Attention mechanism that integrates information across two distinct input sequences.
Cross-attention is a neural network mechanism that enables a model to selectively draw information from one sequence while processing another. Unlike self-attention, where a sequence attends to itself, cross-attention computes relationships between two separate inputs. Queries are derived from one source — typically a decoder or target representation — while keys and values come from a different source, such as an encoder output. The resulting attention scores determine how much each element of the query sequence should attend to each element of the key-value sequence, producing a context-aware representation that blends information across the two streams.
The mechanism became central to machine learning with the Transformer architecture introduced by Vaswani et al. in 2017. In sequence-to-sequence tasks like machine translation, cross-attention allows the decoder to dynamically consult the encoder's full representation at every generation step, rather than relying on a fixed compressed context vector. This dramatically improved the model's ability to handle long-range dependencies and align output tokens with relevant portions of the input — for example, matching translated words to their source-language counterparts.
Beyond language tasks, cross-attention has proven essential in multimodal architectures that must bridge different data modalities. In image captioning, a text decoder can attend over spatial visual features to ground each generated word in a relevant image region. In models like DALL·E and Stable Diffusion, cross-attention layers allow image generation to be conditioned on text embeddings, enabling fine-grained semantic control over visual outputs. Perceiver-style architectures use cross-attention as a general interface for ingesting high-dimensional inputs of arbitrary structure.

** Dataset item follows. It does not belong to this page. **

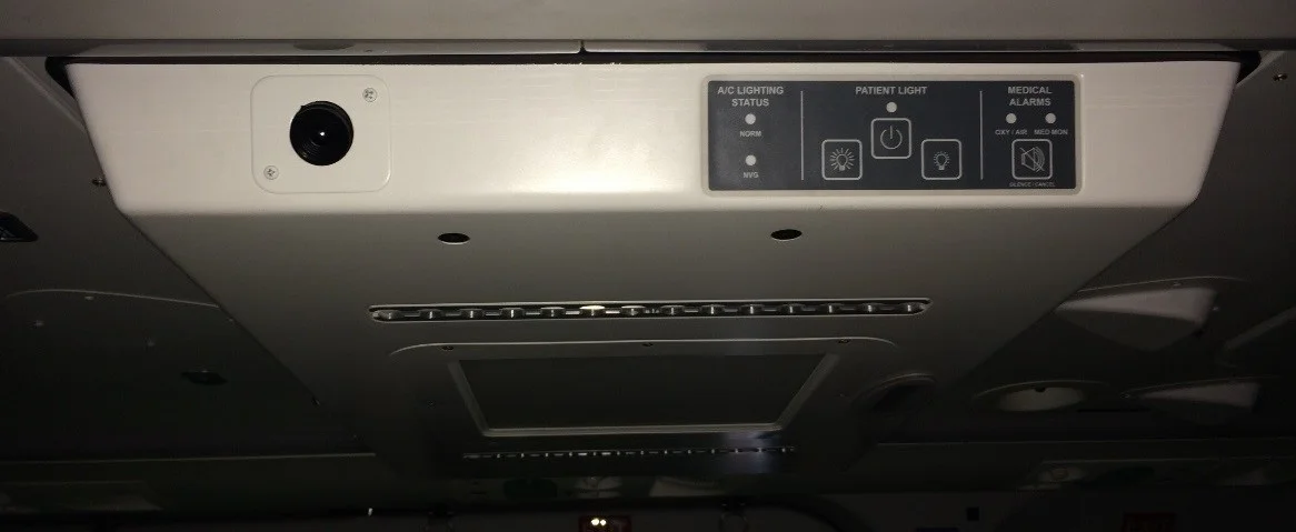 The Aeromedical Fitout also contains a Ceiling Service Unit (CSU) mounted in the centre of the passenger cabin ceiling which provides oxygen, air and electrical outlets, lighting provisions, medical radio heads and provides the capacity to mount a piece of medical monitoring equipment.
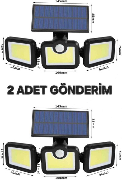 Aradığın Burada 2 Adet 3 Gözlü Solar Güçlü Aydınlatma Lambası

Cross-attention matters because it provides a principled, learnable mechanism for information fusion across heterogeneous sources. Rather than requiring rigid alignment or hand-crafted fusion rules, the model learns which parts of one input are relevant to each part of another, adapting dynamically to context. This flexibility has made cross-attention a foundational building block in modern large-scale models spanning language, vision, audio, and their combinations.